Solved

converting (string) urls to 4 byte integer numbers

Posted on 2004-09-07
10
822 Views
Last Modified: 2007-12-19
Hi,
I was wondering if anyone knows how a url (string representation) could be mapped to a unique identifier number (4 byte if possible).  What I would like to do is to map up to 100,000,000 urls to a 4 byte unique identifier to save on memory as these UID's will be used to represent the URL's within a database.
      Cheers,
      everton690.
0
Comment
Question by:everton690
10 Comments
 
LVL 11

Expert Comment

by:cjjclifford
ID: 11996829
you could create a LUT in the database, with the ID, URL as columns (e.g. In oracle, use a SEQUENCE to generate the ID), and use the ID as foreign key everywhere.

Other than that, you could generate a CRC function, or some type of hashcode function, on the URL to convert the URL to a code. This would not be guaranteed to be unique though...
0
 
LVL 19

Expert Comment

by:drichards
ID: 11997076
That sounds like the best idea (creating an autonumber as an ID).  The other problem with a hash, besides the fact that with a 4-byte hash you will have a reasonable probability of collisions, is that it is one way.  You cannot back-figure the URL from the hash, so you would need to store the URL anyway unless you are only looking up based on a URL as input.
0
 
LVL 19

Expert Comment

by:RanjeetRain
ID: 12000368
CRC generation is a proven technology. And it works on strings of unlimited length. Any function you code yourself, may or may not gurantee the uniqueness of a the key associated with a URL.

Another solution, and a little easier, can be to generate and use GUIDs. Its standrad on Windows platform, and can be relaibly used to store keys. Its a virtual gurantee that a GUID will be unique.
0
 
LVL 37

Expert Comment

by:gregoryyoung
ID: 12001582
lets say you have a 50 character url ...

there is no way it could possibly be uniquely hashed into a 4 byte integer (simple math on the number of combinations)
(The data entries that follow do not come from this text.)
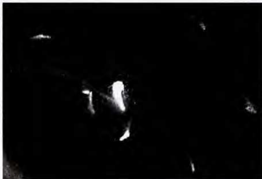
Figure 2. Frame grab from a low-light video recording, showing the glowing arm tips of Vampyroteuthis infernalis . The animal is oriented such that its head and beak are directed toward the camera, with the arms and web beginning to flare outward.

In the laboratory we observed that the tips of all eight arms often glowed when an animal was handled (Fig. 2). The bright blue lights usually appeared as a tight chain of 4 to 6 small discs, tapering in size distally along the oral surface of each arm tip. Occasionally there was a different pattern, in which the light appeared as two parallel lines separated by a dark gap. With a mild contact stimulus, the arms and web flared outward, with the arm tips glowing. With stronger prodding, the arms were curled, writhing up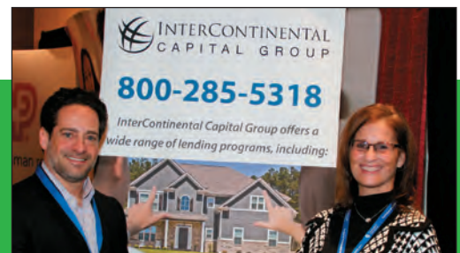
Enjoying and Learning on the Exhibitor Floor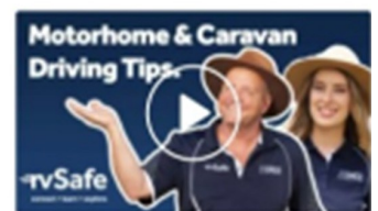
3:19 VIDEO Motorhome and Caravan Driving Tips

the idea of the uniqueid is good ...

another idea would just be to use a hash function ...

    unsigned long
    hash(unsigned char *str)
    {
        unsigned long hash = 5381;
        int c;

        while (c = *str++)
            hash = ((hash << 5) + hash) + c; /* hash * 33 + c */

        return hash;
    }


is a decent one.
0
 
LVL 51

Expert Comment

by:Julian Hansen
ID: 12005057
If you are using MS SQL

create table myURLS
(
    recid int IDENTITY(1,1) NOT NULL,
    URL varchar(256) PRIMARY KEY NOT NULL
)

Then

insert into myURLS ( URL ) value ('www.1.com' )
insert into myURLS ( URL ) value ( 'www.2.com' )
...

Good for 2^32 URLS which is slightly more URLS than are currently out there.

0
What Security Threats Are You Missing?

Enhance your security with threat intelligence from the web. Get trending threat insights on hackers, exploits, and suspicious IP addresses delivered to your inbox with our free Cyber Daily.

 
LVL 11

Accepted Solution

by:
cjjclifford earned 200 total points
ID: 12005145
all these great repeats of my suggestions :-)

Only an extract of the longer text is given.